- [Data extract]
=== Section Start ===
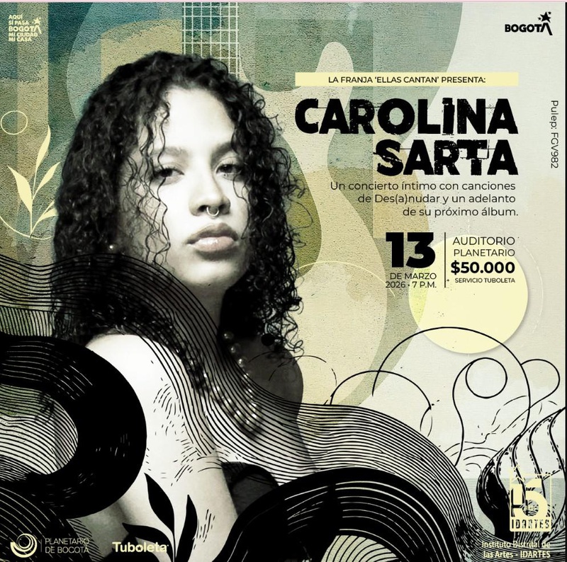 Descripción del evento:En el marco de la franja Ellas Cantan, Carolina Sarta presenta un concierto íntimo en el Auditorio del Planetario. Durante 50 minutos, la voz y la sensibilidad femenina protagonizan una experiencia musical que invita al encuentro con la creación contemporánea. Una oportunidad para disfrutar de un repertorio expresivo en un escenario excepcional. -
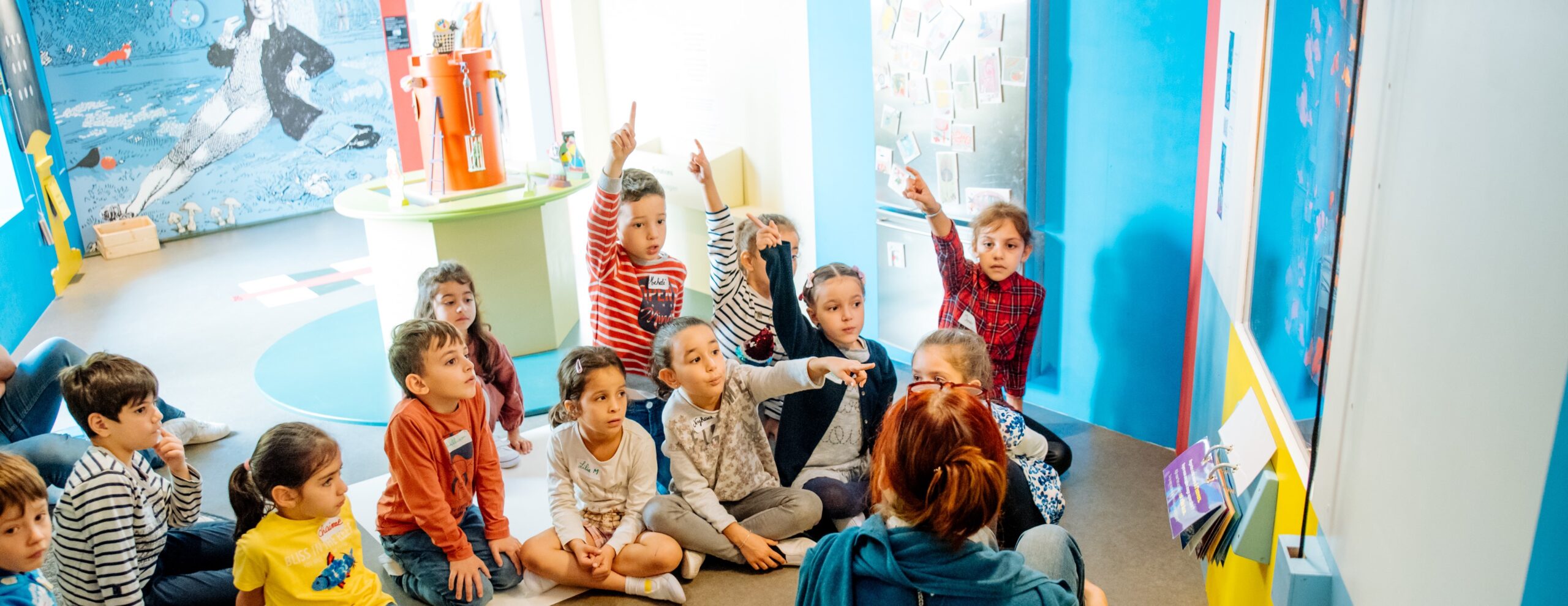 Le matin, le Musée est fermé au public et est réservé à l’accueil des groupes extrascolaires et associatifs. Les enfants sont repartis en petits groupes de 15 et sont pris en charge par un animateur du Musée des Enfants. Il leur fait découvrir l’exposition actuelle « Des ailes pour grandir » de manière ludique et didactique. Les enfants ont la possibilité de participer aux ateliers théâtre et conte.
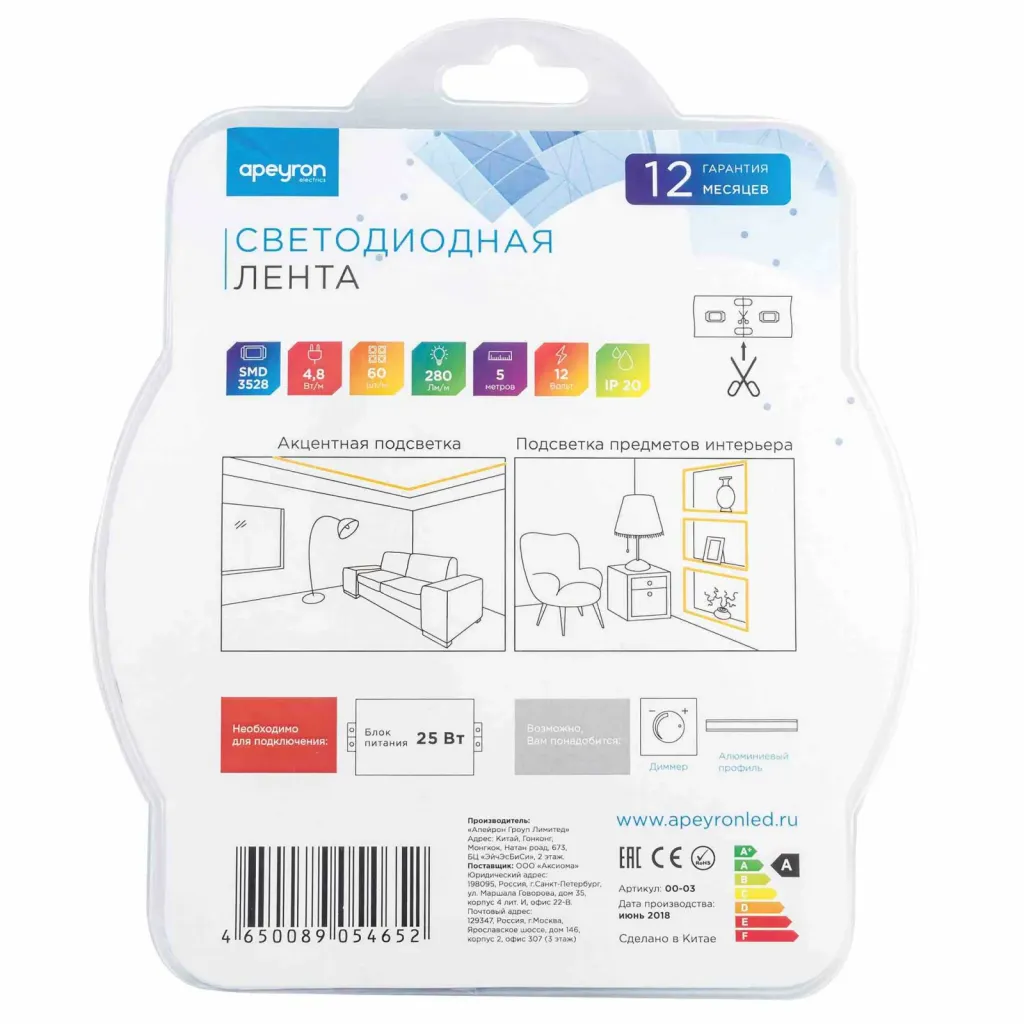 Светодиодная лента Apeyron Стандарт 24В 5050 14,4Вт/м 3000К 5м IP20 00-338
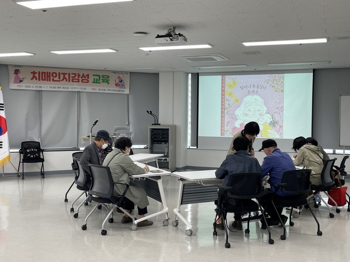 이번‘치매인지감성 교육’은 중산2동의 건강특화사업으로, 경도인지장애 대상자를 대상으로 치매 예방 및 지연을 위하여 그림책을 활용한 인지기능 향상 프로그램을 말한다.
=== Section End ===
Exact copies of the lines from the one containing "Le matin, le" through the final line of the data are required; pictures are to be omitted.

 Le matin, le Musée est fermé au public et est réservé à l’accueil des groupes extrascolaires et associatifs. Les enfants sont repartis en petits groupes de 15 et sont pris en charge par un animateur du Musée des Enfants. Il leur fait découvrir l’exposition actuelle « Des ailes pour grandir » de manière ludique et didactique. Les enfants ont la possibilité de participer aux ateliers théâtre et conte.
 Светодиодная лента Apeyron Стандарт 24В 5050 14,4Вт/м 3000К 5м IP20 00-338
 이번‘치매인지감성 교육’은 중산2동의 건강특화사업으로, 경도인지장애 대상자를 대상으로 치매 예방 및 지연을 위하여 그림책을 활용한 인지기능 향상 프로그램을 말한다.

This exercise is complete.